## EXERCISE
Print every line below exactly as written, but leave the pictures behind.

## STORED DATA
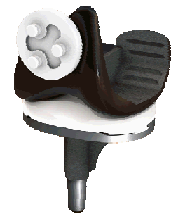
JOURNEY ® Bi-Cruciate Stabilized Knee
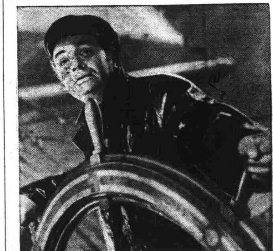
EDWARD G. ROBINSON as "The Sea Wolf" in Warner Bros. screen version of the world-famed novel by Jack London, starting today at the Liberty theatre. Cast includes Ida Lupino and John Garfield. Companion feature stars Merle Oberon, Rita Hayworth and Dennis Morgan in "Affectionately Yours."

It is only at rare intervals that the screen presents such a powerful, closely-knit drama as "Klondike Fury," the Monogram picture now playing at the Capitol theatre. The picture qualifies as engrossing entertainment, and a distinct contribution to the season's film output. When Lowe's plane crashes in the northern woods, he convalesces at a nearby trading post, where he is cared for by Miss Fairbanks, daughter of the owner. The crippled Henry, a member of the household, becomes jealous over the apparent mutual interest of the pair, but is nevertheless induced by his father to place himself in Lowe's hands for the same delicate operation in which the doctor had previously failed. The result of this situation brings the picture to an absorbing climax. Companion feature is "Sunset on the Desert" with Roy Rogers.

## TASK RESPONSE
JOURNEY ® Bi-Cruciate Stabilized Knee
EDWARD G. ROBINSON as "The Sea Wolf" in Warner Bros. screen version of the world-famed novel by Jack London, starting today at the Liberty theatre. Cast includes Ida Lupino and John Garfield. Companion feature stars Merle Oberon, Rita Hayworth and Dennis Morgan in "Affectionately Yours."

It is only at rare intervals that the screen presents such a powerful, closely-knit drama as "Klondike Fury," the Monogram picture now playing at the Capitol theatre. The picture qualifies as engrossing entertainment, and a distinct contribution to the season's film output. When Lowe's plane crashes in the northern woods, he convalesces at a nearby trading post, where he is cared for by Miss Fairbanks, daughter of the owner. The crippled Henry, a member of the household, becomes jealous over the apparent mutual interest of the pair, but is nevertheless induced by his father to place himself in Lowe's hands for the same delicate operation in which the doctor had previously failed. The result of this situation brings the picture to an absorbing climax. Companion feature is "Sunset on the Desert" with Roy Rogers.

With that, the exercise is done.